Personal information
- Nationality: Ukrainian
- Born: 5 January 2004 (age 22) Chornomorsk, Ukraine

Sport
- Sport: Beach volleyball

Medal record
Women's beach volleyball
Representing Ukraine
Volleyball World Beach Pro Tour
| Gold medal – first place | 2024 | Warsaw Future |
| Gold medal – first place | 2024 | Balıkesir Future |
| Gold medal – first place | 2025 | Sveti Vlas Future |
| Bronze medal – third place | 2025 | Valencia Future |
World U19 Championships
| Gold medal – first place | 2022 Dikili | Beach |
European U22 Championships
| Gold medal – first place | 2025 Baden | Beach |
European U18 Championships
| Silver medal – second place | 2021 Ljubljana | Beach |

= Yeva Serdiuk =

Ukrainian beach volleyball player

Yeva Serdiuk (born 5 January 2004) is a Ukrainian beach volleyball player.

==Early life and education==
She was born on 5 January 2004, in Chornomorsk.

As of 2024 she was studying at the State College of Florida, Manatee–Sarasota.

==Career==
Yeva is a beach volleyball player.

With Daria Romaniuk, Yeva represented Ukraine at the European U-18 Beach Volleyball Championships, held in Ljubljana, winning a silver medal.

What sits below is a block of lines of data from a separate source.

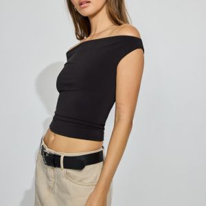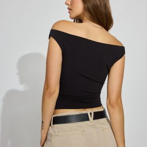 Clean Off Shoulder Top Black women – Not our us being in our off shoulder era… Features Off-the-shoulder construction Double lined Size & Fit Fit: Fitted, stretchy Length: Regular Model is wearing size S Materials & Care Content: 93% recycled polyester, 7% spandex Care: Machine wash, cold Imported
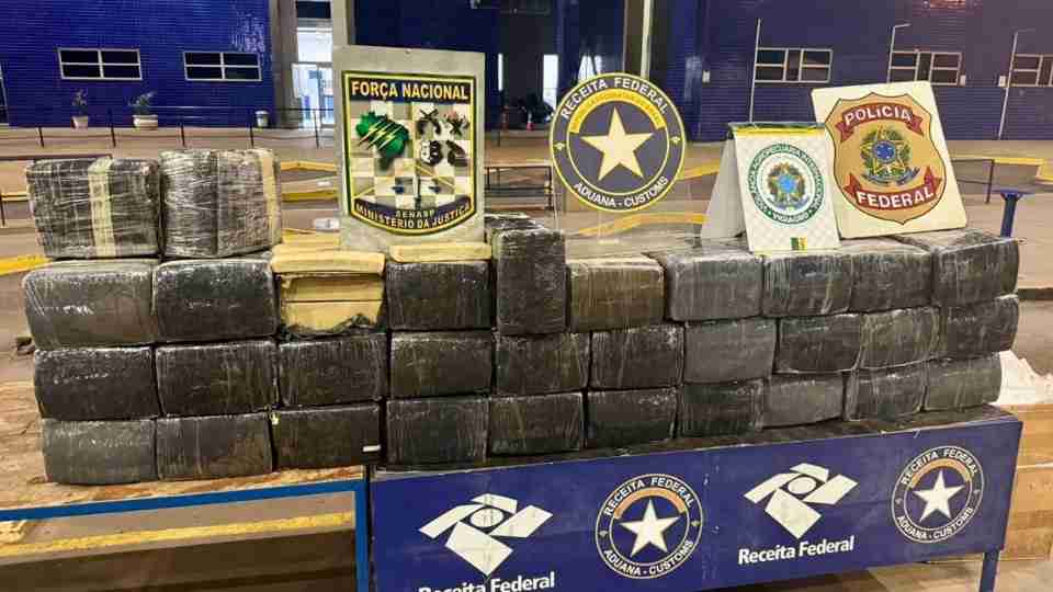 A droga estava em um veículo com placas paraguaias abordado pelos servidores. No banco traseiro e no porta-malas, eles encontraram grande quantidade de pacotes embalados de forma irregular.
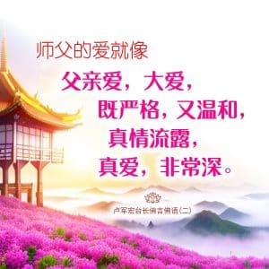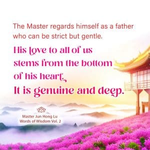 The Master regards himself as a father who can be strict but gentle. His love to all of us stems from the bottom of his heart. It is genuine and deep.
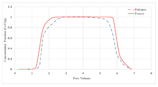 The fluids under study, including water and the indicator (tracer), can pass through the entire pore volume of the porous medium. In addition, there is often a portion of the pore volume into which polymer molecules cannot penetrate. This volume is referred to in the literature as the inaccessible pore volume (IAPV) [18,24]. Inaccessibility of a part of pores for the polymer is usually associated with the large size of macromolecules and their elastic deformation.
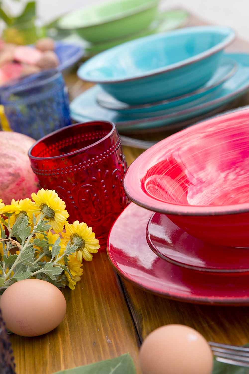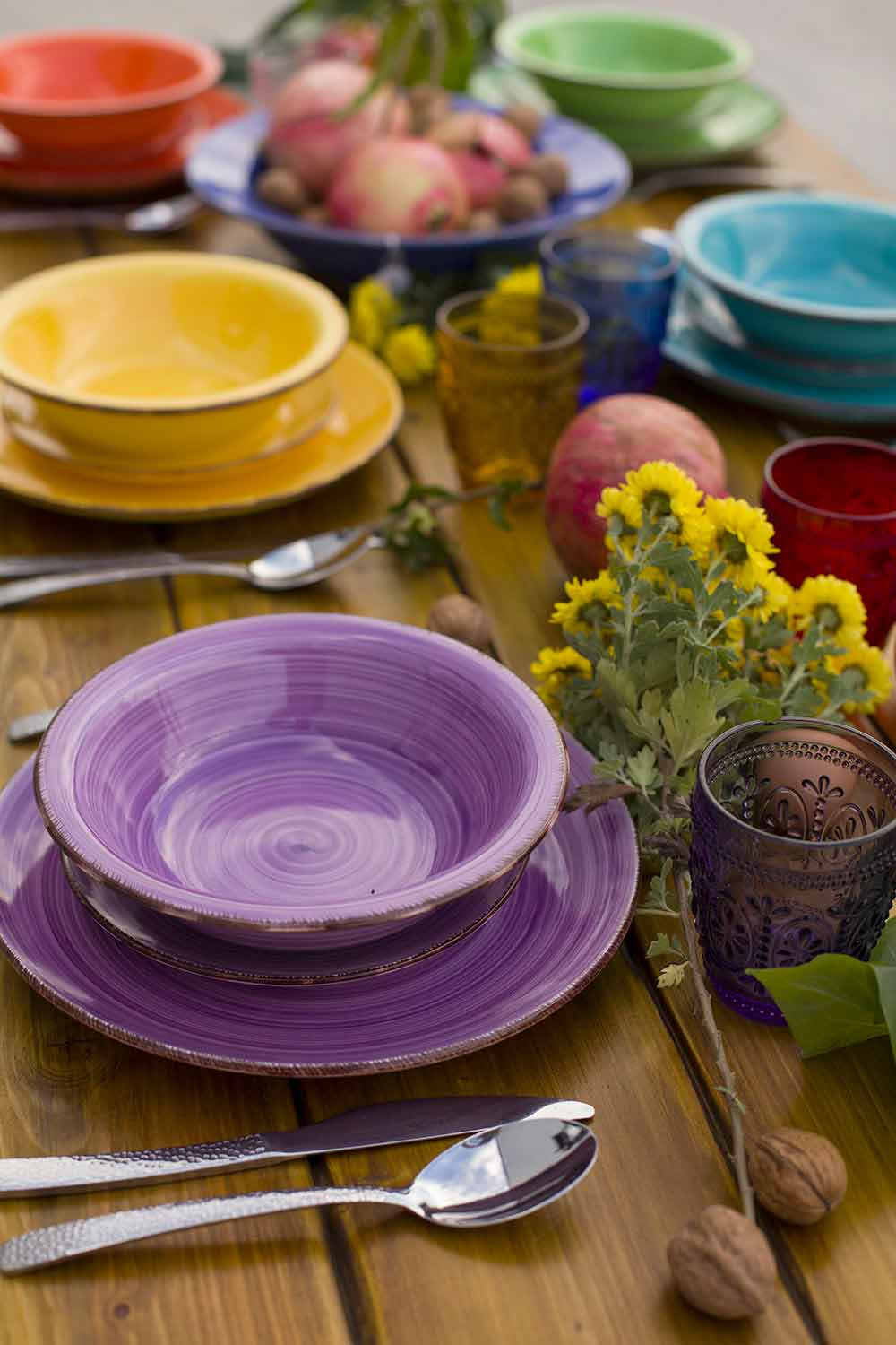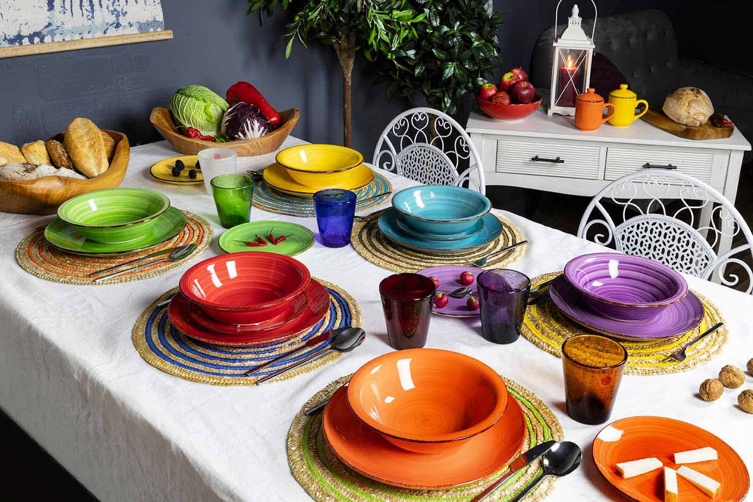 Conjunto de pratos coloridos para talheres em 18 peças.

In 2022, Serdiuk/Romaniuk became world champions at the 2022 FIVB Beach Volleyball U19 World Championships in Dikili.

Since 2023, Anhelina Khmil became her partner, and they won bronze medals at the 2023 Ukrainian National Beach Volleyball U22 Championships. Khmil/Serdiuk competed at the 2023 European U22 Beach Volleyball Championships without reaching semi-finals.